MUMBAI, India, June 30 -- Intellectual Property India has published a patent application (202641073845 A) filed by Vellore Institute Of Technology on June 15, 2026, for “a Context-Aware Automated Distress Detection System Using Iot And Deep Learning”.
Inventors include Parvathi R; and Ishwarya C.
The application for the patent was published on June 26, 2026, under issue no. 26/2026.

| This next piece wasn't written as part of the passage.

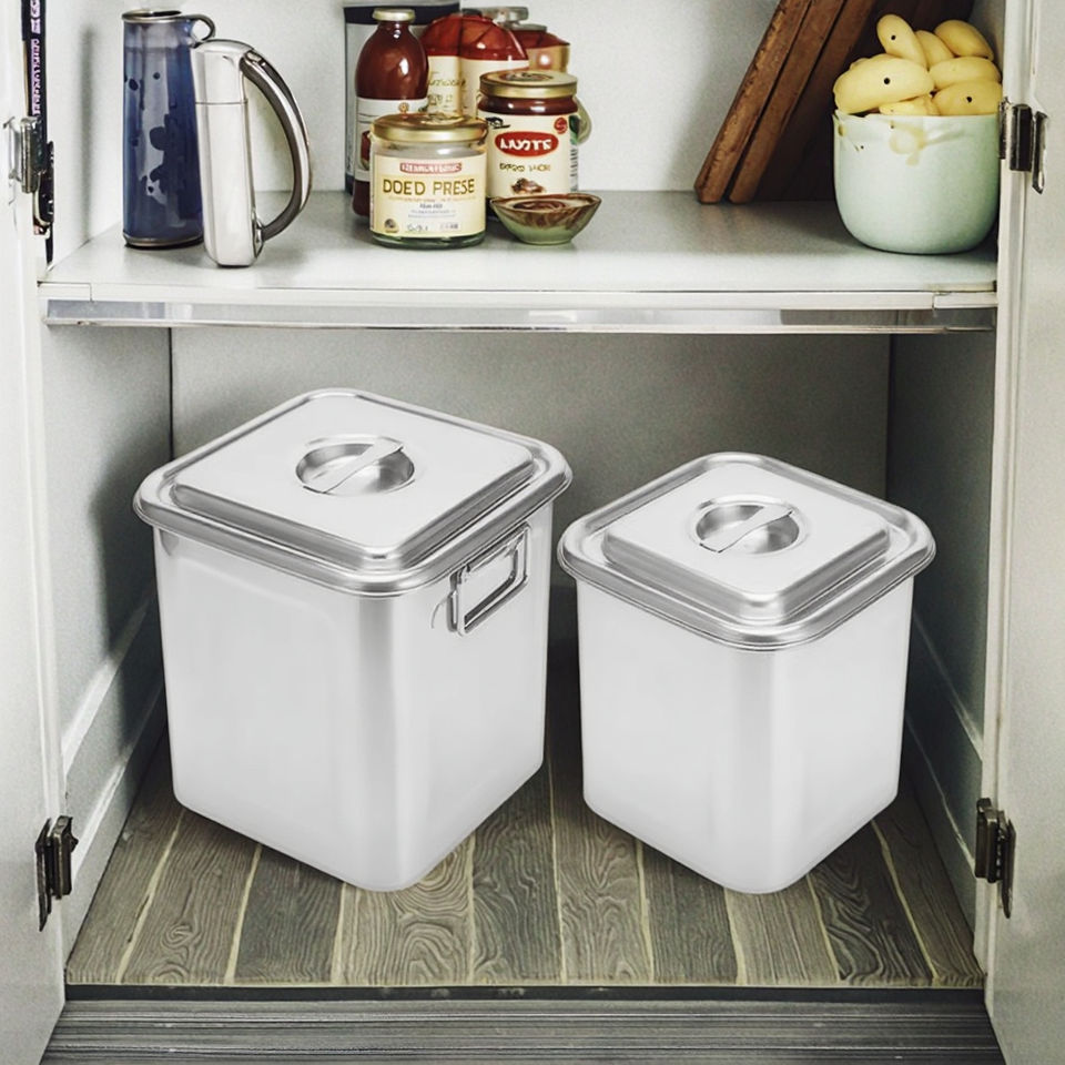 Cubo de Arroz Clásico de acero inoxidable, tapa gruesa, a prueba de humedad, cuadrado, Cubo de almacenamiento sellado para el hogar, ollas para sopa

Abstract: The present invention relates to a context-aware automated distress detection system and method that enables reliable emergency recognition with reduced false alarms and improved privacy. The system comprises a physiological sensing module configured to continuously monitor biometric parameters such as heart rate and infrared signal strength to assess user stress conditions, and an acoustic sensing module configured to capture environmental audio signals. An edge processing unit, preferably an ESP32 microcontroller executing a lightweight deep learning model using TensorFlow Lite or TinyML, classifies distress-related vocal patterns including screams or panic sounds. The system operates in a passive monitoring mode where biometric data establishes a real-time baseline, and audio acquisition is activated only when physiological parameters exceed an adaptive stress threshold. A dual-factor distress verification algorithm correlates physiological deviation with acoustic classification confidence within a defined verification window to confirm an emergency event. The invention further includes fail-safe mechanisms based on sound intensity thresholds and automatically transmits emergency alerts with location data to predefined recipients through cloud services or telecommunication gateways, thereby minimizing power consumption, preserving privacy through on -device inference, and ensuring rapid distress response. Fig 1 to 6.
Disclaimer: Curated by HT Syndication.